Diferenças regionais importantes precisam ser lembradas, salientando a epidemia da região sul, na qual observa-se aproximadamente 30 casos/100 mil hab nos últimos 10 anos (versus 20,7/100 mil habitantes na média nacional dos últimos 10 anos). Porto Alegre apresentou taxa de 74,0 casos/100 mil habitantes em 2015, valor correspondente ao dobro da taxa do Rio Grande do Sul e a quase quatro vezes a taxa do Brasil. Diversos aspectos podem levar a uma reemergência e recrudescimento da epidemia no Brasil, entre eles: diagnóstico tardio; grande contingente de pessoas que desconhecem seu status sorológicos; taxas de prevalência do HIV acima dos 5% em regiões com alto grau de urbanização; altas prevalências entre populações específicas; perda de seguimento clínico de importante percentual dos pacientes em HAART; e uma mortalidade por Aids elevada e persistente.

Abrasco: Que elementos deveria conter a urgente retomada de uma agenda de pesquisa em HIV/AIDS?

Monica Malta: Contínuo financiamento de Pesquisas voltadas para populações chave, aos moldes das atuais pesquisas RDS com profissionais do sexo, homossexuais masculinos e mulheres transexuais e travestis; elaboração de editais que permitam o estabelecimento de coortes, objetivando estudar de forma mais aprofundada aspectos comportamentais, sociais, estruturais que permeiam as respostas individuais e coletivas frente a epidemia de HIV/Aids; estabelecimento de linhas de pesquisa voltadas para estudos que possibilitem a melhor compreensão de aspectos comportamentais, sociais e estruturais de grupos mais vulneráveis, objetivando a elaboração, implementação e posterior avaliação de intervenções voltadas para prevenção do HIV/Aids ou acolhimento e retenção de pacientes em tratamento.

Abrasco: Como recuperar perspectivas mais amplas de prevenção, que englobem aspectos culturais, sociais e especificidades dos diversos grupos acessados?

Monica Malta: É importante incorporar estratégias cientificamente embasadas, mas que estejam pautadas por aspectos relacionados aos direitos humanos, perspectiva de gênero, respeito às características sociais, culturais e estruturais de cada grupo acessado.

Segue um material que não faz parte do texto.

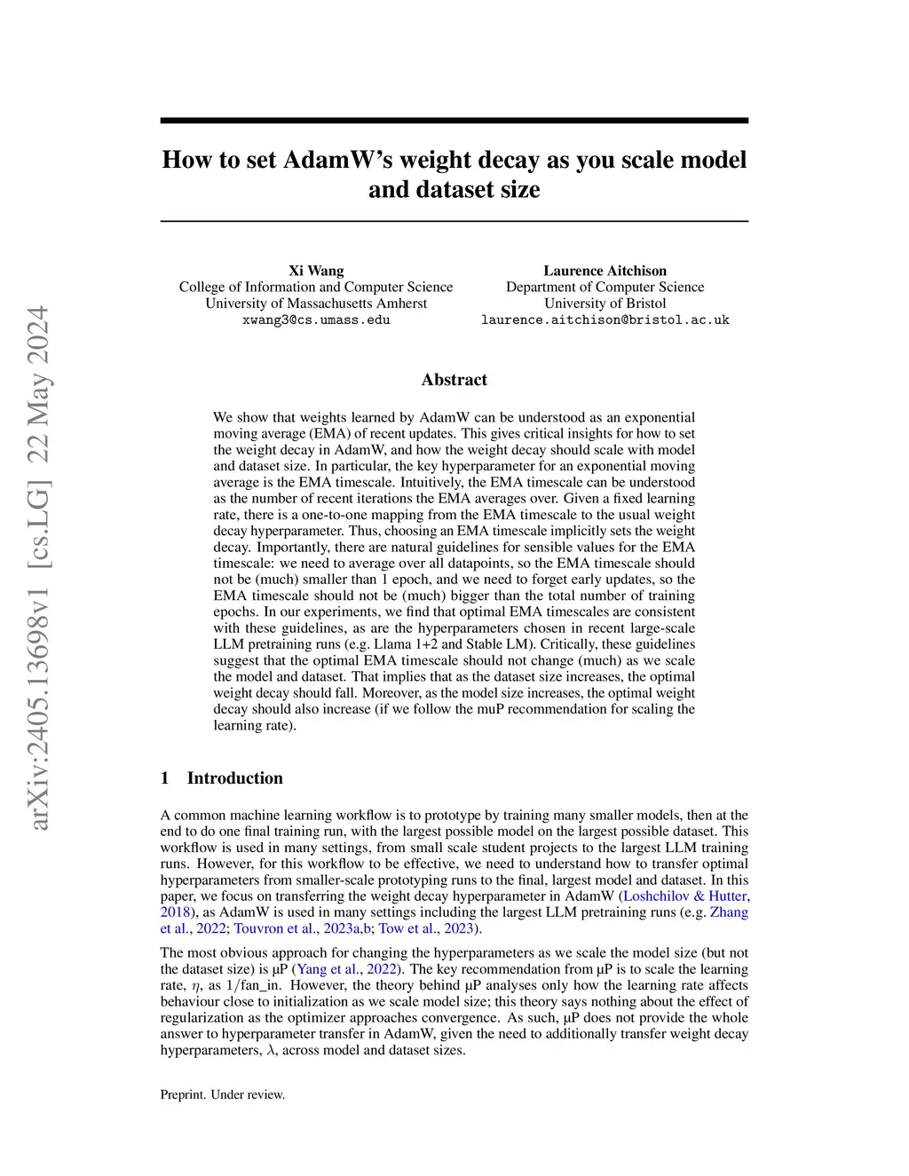 The scaling of the optimal AdamW weight decay hyperparameter with model and dataset size is critical as we seek to build larger models, but is poorly understood. We show that weights learned by AdamW can be understood as an exponential moving average (EMA) of recent updates. This gives critical insights for how to set the weight decay in AdamW, and how the weight decay should scale with model and dataset size. In particular, the key hyperparameter for an exponential moving average is the EMA timescale. Intuitively, the EMA timescale can be understood as the number of recent iterations the EMA averages over. We find that the optimal timescale, measured in epochs, is roughly constant as we change model and dataset size. Moreover, given a learning rate, there is a one-to-one mapping from the EMA timescale to the weight decay hyperparameter. Thus, if the optimal EMA timescale is constant, that implies that as the dataset size increases, the optimal weight decay should fall and as the model size increases, the optimal weight decay should increase (if we follow the muP recommendation for scaling the learning rate). We validate these scaling rules on ResNet-18 and Vision Transformers trained on CIFAR-10 and ImageNet, and on NanoGPT pre-training on OpenWebText. Finally, we found that as training progresses, muP's learning rate scaling breaks down for AdamW unless weight decay is scaled appropriately.
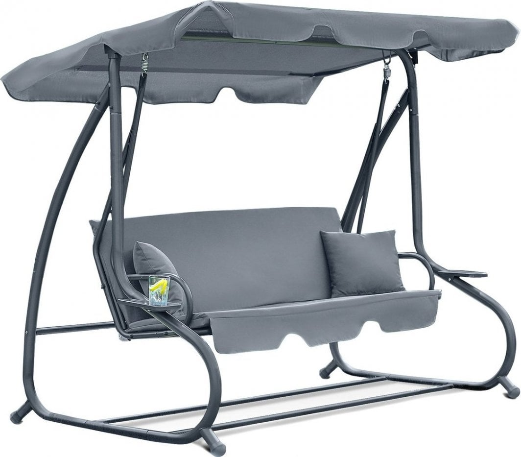 3-місна гойдалка Relax Plus від FUNFIT GARDEN відрізняється надзвичайним комфортом і якістю виконання.Це дозволяє приємно відпочити і може бути чудовою прикрасою як у саду, так і на терасі.Сидіння кріпиться пружинами, розкладається в лежаче положення, на кінцях є практичні підлокітники.Покрівля з плавним регулюванням кута нахилу має спеціальні тунелі в матеріалі, адаптовані до конструкції даху, і забезпечує чудовий захист від сонця.Сталева рама з порошковим покриттям характеризується міцною структурою та стійкістю до погодних умов.По обидва боки гойдалок є дуже корисні підставки під напої.У комплект входять дві подушки, які зроблять ваше перебування приємнішим.Виріб для самостійної збірки.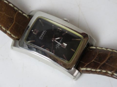 A men's Fossil Aut-O-Matic Signature wrist watch having skeleton back, black dial with date aperture. Light scratch noted to glass. On original Fossil strap
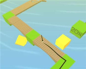 第一个坑来气,继续往前走就会出现两条路,一个是断桥,一个是正确的路,额应该没有人往断桥上转吧(好吧,我承认第一次玩的时候,我就转了),有了前车之鉴,就不要转了。断桥会先出现,正确的直路是后出现的,直接无视断桥让线自己走就好了。度过前面的一个小插曲后,真正的大坑就来了,前面只是给你开的一个小玩笑而已。可以看到桥的尽头是树杈,这是田野的第一大难关,这个音乐的突然加快很考验玩家们对音乐的掌握程度,这就是我为什么要大家提前听一遍音乐,就是这时候要突然派上用场的。节奏(快点5下),如果有人试了之后还总过不去,那我只能告诉你,不要过早点也不要过晚点,多试几次总会过去的,加油哈!
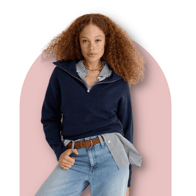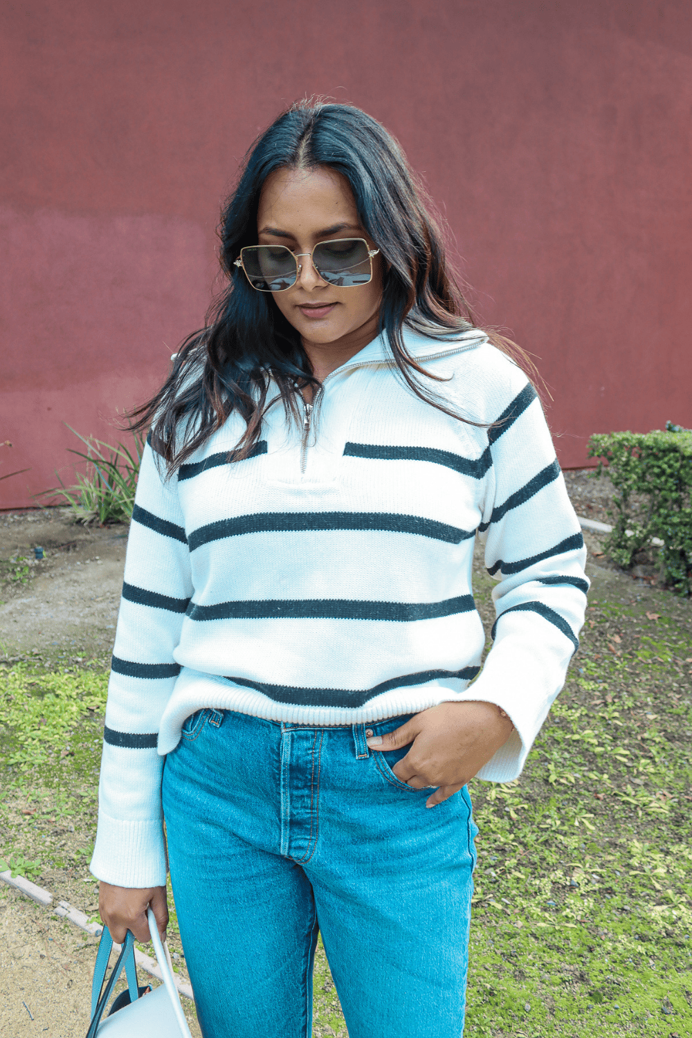 I would say this is the perfect alternative to sweatshirts which actually looks much more structured and put together. I have never been a big fan of sweatshirt that always have an oversized silhouette. But the zip style sweater gives you the collar detail of a sweatshirt but without the bulkiness.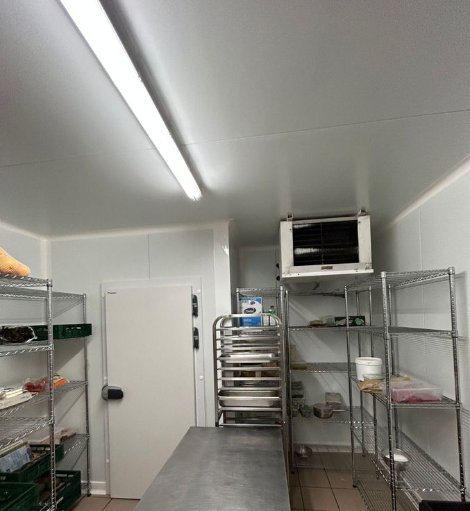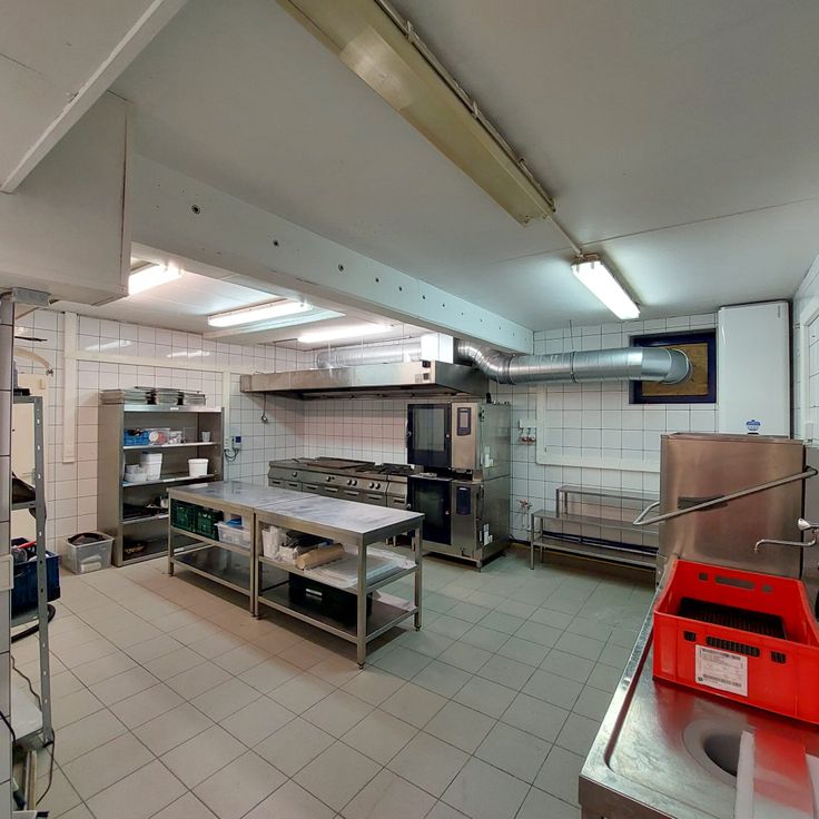 Un espace de stockage sec, un espace de stockage froid positif (+4°), un espace de stockage froid négatif (-20°), four pro de 10 étages (convection/vapeur), fourneaux 6 becs, tables de travail, plonge, lave vaisselle pro, coupe légume, célule de refroidissement rapide, sous videuse, gestion des poubelles,...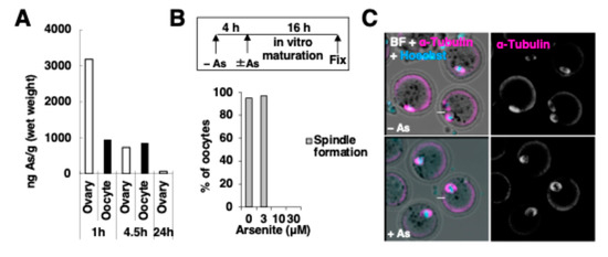 Oocytes (similarly collected as described above but on ice and washed thoroughly) or ovaries (and liver as a positive control) were collected on ice after indicated time courses after the intraperitoneal injection of saline (negative control) or 8 mg/kg bw sodium arsenite. Concentration of arsenic in ovary or oocyte was determined by ICP-MS (7500 cx, Agilent Tech., Santa Clara, CA, USA) after wet-ashing each biological samples with 600 µL of HNO3 and 200 µL of 30% H2O2 (HNO3:H2O2 = 3:1) under refluxing condition at 135 °C for 2 days. The samples were diluted with ultra-pure Milli-Q (MQ) water at a final volume of 5 mL for the ovary and 1 mL for the oocytes. The number of GV-oocytes used for detection was as follows: 1 h: 213–283 oocytes (7–9 mice); 4.5 h: 144.5–154 oocytes (7 mice each, a half of the volume analyzed); 24 h: 566 oocytes (13 mice). Total arsenic concentrations were measured in the normal mode (7500 cx; m/z 75: 75As+). Bovine liver (NIST, Gaithersburg, MD, USA) was used as the certified reference material (CRM). The analytical method was validated by measuring the arsenic concentration in the CRM. The estimation process for relative volumes of the ovary and oocyte was as follows. The ovary and oocyte were regarded as an oval sphere and a sphere, respectively. Ovary: major axis (M): 1918 μm; minor axis (m): 1095 μm; V = 4/3 π × 1/2 M × (1/2 m)2 = 4/3π × 959 × 547 × 547 ≅ 1.2 mm3. Oocyte: diameter (D): 90 μm; V = 4/3π × (1/2 D)3 = 4/3π × 45 × 45 × 45 ≅ 0.0004 mm3. V(Ovary)/V(oocyte) = 1.2/0.0004 = approx. 3000.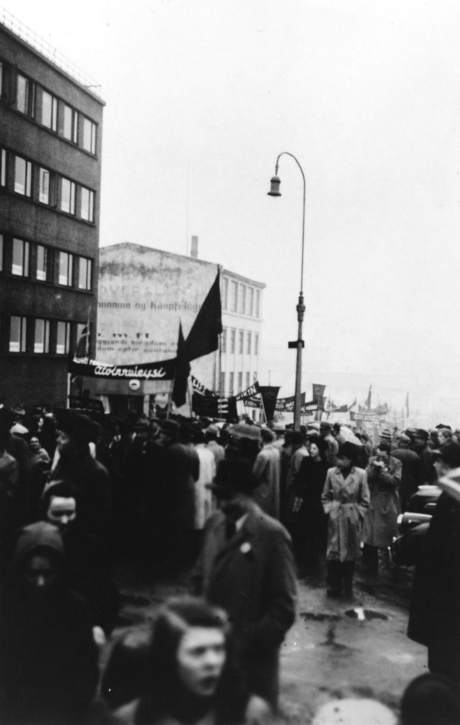 Myndin hér fyrir neðan er frá kröfugöngu á 1. maí 1943. Gangan er söguleg þar sem opinberir starfsmenn tóku þá þátt í fyrsta sinn með formlegum hætti.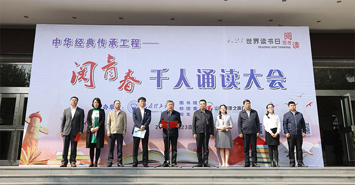 第24个“世界读书日”到来之际,4月23日下午,由我校和山西广播电视台共同举办的中华经典传承工程---“阅青春”千人诵读大会在迎西校区、明向校区同时举行。校党委书记吴玉程,副校长梁卫国;山西广播电视台党委委员、副总编辑罗庆东,山西健康之声广播陈湘等在迎西校区图书馆孔子像广场出席大会。我校党政有关职能部门负责人,省内著名节目主持人、朗诵家和师生代表等参加了诵读大会。梁卫国主持“阅青春”千人诵读大会暨2018年度“读者之星”颁奖仪式。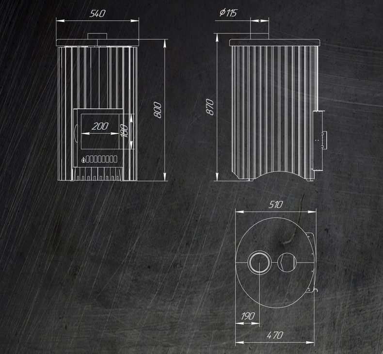 Материал топки ············· Жаростойкая нержавеющая сталь AISI 439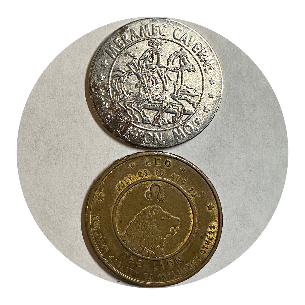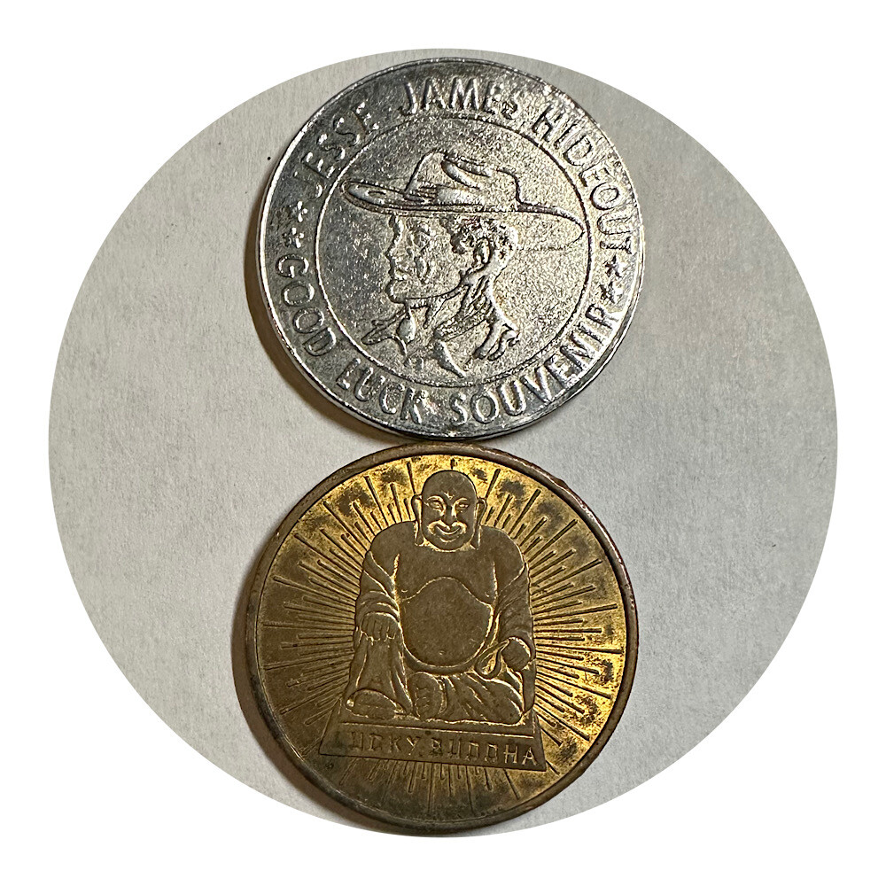 >Good Luck Tokens! Jesse James Hideout Meremac Caverns (Missouri) and Lucky Buddha-The Lion Token!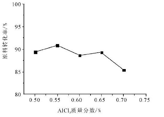 圖2 三氯化鋁用量對(duì)原料轉(zhuǎn)化率影響
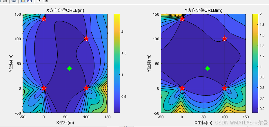 进一步,计算并可视化展示整个空间中 X 轴和 Y 轴方向的 C R L B CRLB CRLB分布,帮助分析不同方向上的定位精度差异。
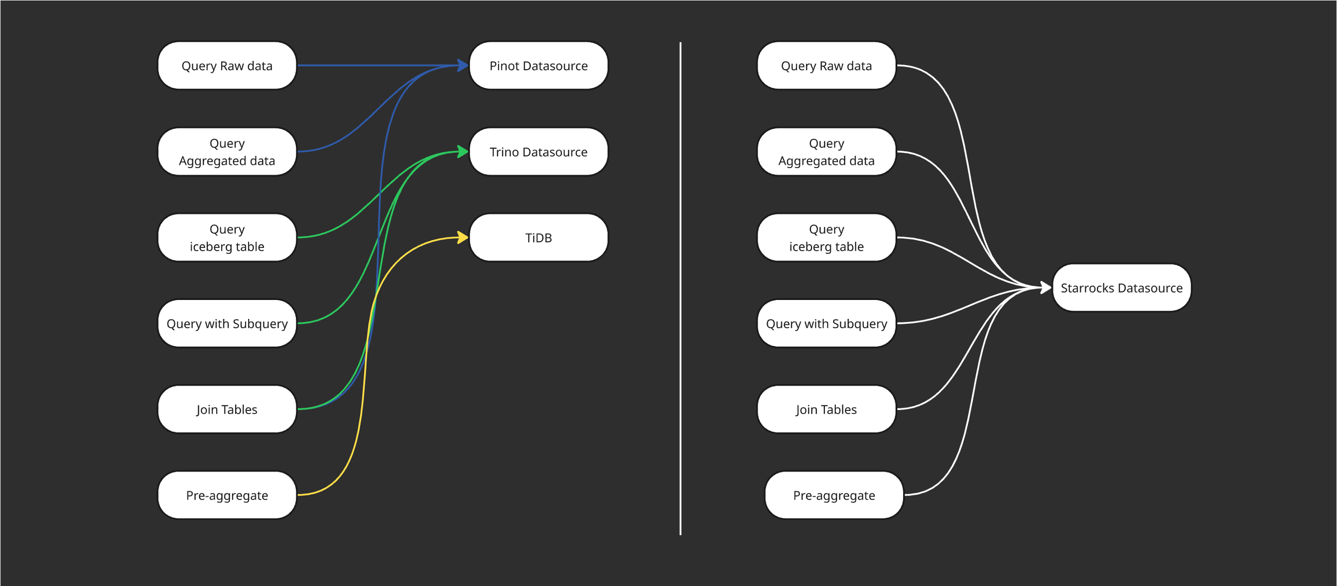 这种分离式架构给运维带来了显著挑战。当 Pinot 出现异常时,我们无法通过 Query Metrics 快速定位问题,也无法进行有效的故障排查。而在 StarRocks 中,算子可直接下推至存储层执行,查询性能更优,且所有的查询有统一的管理位置,便于产线问题的排查和定位。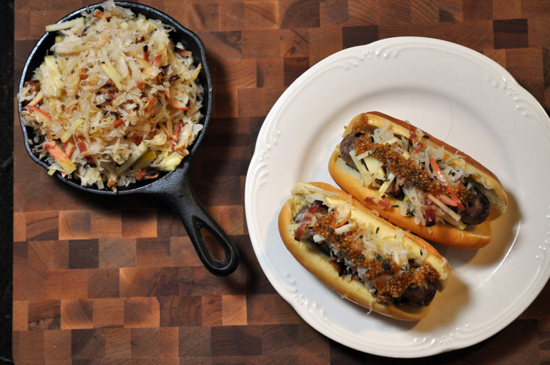 In some ways the bratwurst that you expect at almost any All-American tailgate is already perfection. Meat, bun, sauerkraut, mustard all working together to bring happiness to grilling gourmands everywhere.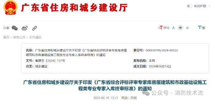各地级以上市住房和城乡建设局,广州、佛山、惠州、东莞市交通运输局,广州、深圳、佛山、东莞市水务局,广州、佛山、东莞市城市管理和综合执法局,广州市林业和园林局,佛山市政务服务数据管理局,各有关单位: 为规范广东省综合评标评审专家库中归口省住房城乡建设厅管理专业的专家入库、专业变更、续聘的审核工作,根据《广东省综合评标评审专家和评标评审专家库管理办法》(粤府办〔2020〕1号)等有关文件规定,我厅制定了《广东省综合评标评审专家库房屋建筑和市政基础设施工程类专业专家入库终审标准》。2024年8月1日起,广东省综合评标评审专家库中归口我厅管理专业评标评审专家的入库审核适用本标准。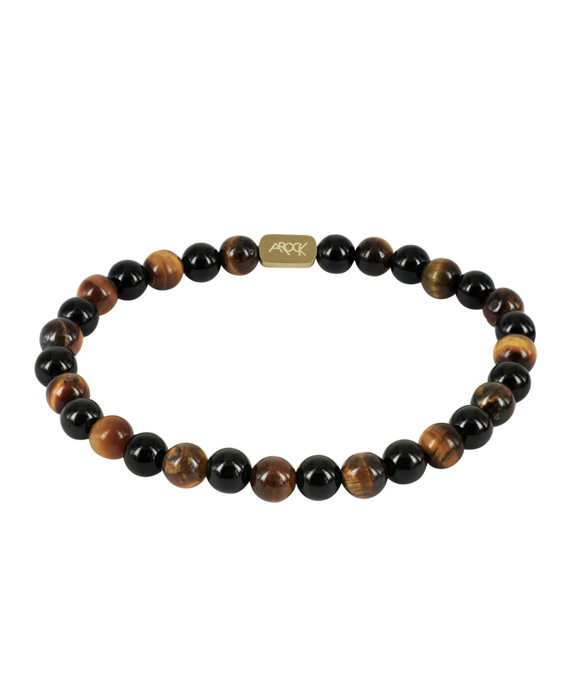 Elastisk armbånd med perler av edelstenene tigerøye og onyks. Detaljer i kirurgisk rustfritt stål.

Este mosaico de ações deve ser elaborado por meio de uma parceria e diálogo constante entre sociedade civil, academia, gestores, profissionais de saúde e grupos mais afetados.

Abrasco: Uma das alternativas para ampliar a assistência ao tratamento para HIV/Aids defendida pelo Ministério da Saúde foi a recomendação de alocar o cuidado e o tratamento de pessoas com HIV nos serviços de Atenção Primária. Quais os pontos positivos e negativos dessa estratégia?

Monica Malta: A Atenção Primária costuma apresentar carência de equipes multiprofissionais, vínculos precários de contratação, alta rotatividade de profissionais e infraestrutura muitas vezes inadequada. A grande maioria dos médicos não possui formação nem experiência no atendimento de pessoas vivendo com HIV/Aids, manejo dos diferentes esquemas terapêuticos e intercorrências. Pessoas vivendo com HIV/Aids em tratamento contínuo apresentam necessidades diferenciadas relacionadas ao uso prolongado de ARV, aliado aos agravos relacionados com o envelhecimento desses pacientes, como a maior prevalência de neoplasias e doenças cardiovasculares, de tratamento e manejo mais complexos do que na população em geral.

Por fim, questões relativas ao estigma podem influenciar menor aderência de pessoas vivendo com HIV/Aids a serviços que estão localizados na mesma comunidade em que moram, serviços frequentados por familiares e vizinhos em busca de tratamento para diabetes e hipertensão.

Abrasco: Qual o possível impacto de uma crescente privatização da saúde (OSs, “planos acessíveis”) na atenção a pessoas vivendo com HIV/Aids?

Monica Malta: Apostar no caminho da ampliação do acesso aos planos e seguros é investir na diferenciação do acesso ao tratamento, qualquer que seja esse tratamento em saúde, a partir da renda, ou seja, de aprofundar as desigualdades e iniquidades. Cabe a nós, pesquisadores, sanitaristas, gestores e profissionais de saúde implicados com a temática, demonstrarmos a importância de manter a oferta gratuita e universal de serviços de qualidade, fortalecendo o SUS, a defesa dos direitos humanos e a manutenção de um dos importantes direitos sociais e de cidadania conquistados em 1988, a manutenção da saúde como direito de todos os brasileiros e dever do Estado. 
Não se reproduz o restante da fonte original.